Let's get us some simplistic "beans binding" to support the Presentation Model pattern. We explicitly declare our properties so as to enjoy IDE auto-completion and refactoring capabilities. "Wa wa wee wa!" Cos string references are fragile with respect to renaming getters and setters, and so we avoid them, like whatsit, the plague ;)


Code Snippet

We implement a POJO Presentation Model object as follows.

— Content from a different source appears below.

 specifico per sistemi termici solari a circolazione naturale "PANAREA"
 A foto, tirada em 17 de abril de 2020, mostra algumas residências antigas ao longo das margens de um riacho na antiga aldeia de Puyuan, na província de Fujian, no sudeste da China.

public class PersonModel {    
    private String firstNames;
    private String lastName;
    private String phone;
    private String email;
    private Date birthDate;
    private BigInteger idNumber;
    private BigDecimal creditScore;
    private Integer dependents;
    private PersonTitle title;
    private PersonGender gender;
    private PersonMaritalStatus maritalStatus;
    private Boolean confirmed;
    ...    
    @IntegerRangeValidator(minimum = 0, maximum = 9, inclusive = true)
    public void setDependents(Integer dependents) {
        this.dependents = dependents;
    }
    ...
}

where we have illustrated a validation annotation. Alternatively we specify the um, properties' properties, including validators, in an explicit bean info class, as follows. This is sans magic, quite trivial and quite programmable. "It's nice, I like. High five!"

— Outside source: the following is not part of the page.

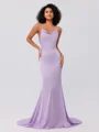 Sheath/Column Charmeuse Ruched Square Sleeveless Sweep/Brush Train Bridesmaid Dresses

public class PersonModelInfo extends QBeanInfo<PersonModel> {
    final QProperty firstNames = createProperty("firstNames");
    final QProperty lastName = createProperty("lastName");
    final QProperty phone = createProperty("phone");
    final QProperty email = createProperty("email");
    final QProperty birthDate = createProperty("birthDate");
    final QProperty idNumber = createProperty("idNumber");
    final QProperty creditScore = createProperty("creditScore");
    final QProperty dependents = createProperty("dependents");
    final QProperty title = createProperty("title");
    final QProperty gender = createProperty("gender");
    final QProperty maritalStatus = createProperty("maritalStatus");
    final QProperty confirmed = createProperty("confirmed");
    
    public PersonModelInfo() {
        super(PersonModel.class);
        birthDate.setFormatPattern("yyyy-MM-dd");        
        birthDate.setPropertyValueType(dateType);
        birthDate.addValidator(new QFutureDateValidator(false));
        email.setPropertyValueType(emailType);
        dependents.addValidator(new QIntegerRangeValidator(0, 9, false));
        title.setPropertyValueType(enumType);
        gender.setPropertyValueType(enumType);
        maritalStatus.setPropertyValueType(enumType);
        confirmed.setPropertyValueType(booleanType);
    }   
}

We use the above info class to refer to our properties in an explicit, refactorable fashion. When we refactor our bean ie. rename properties (ie. their getter/setter methods) then we need to change the property name here, and we're good to go. Cos they're a pair like Mutt and Jeff.

QProperty stores additional information besides wrapping the underlying PropertyDescriptor, eg. formatPattern and propertyValueType relate to formatting, and also there a list of validators.


Demo

Launch   (PersonInfo, 150k/500k, unsandboxed, Java6)

You can refresh the "BeanInfo" tab (and also the "Console" tab) to see that the values entered into our form are written to our Presentation Model.

where use formatPattern to override the default formatting for that propertyValueType (eg. date, timestamp, currency) and propertyType (eg. Date, Integer et al).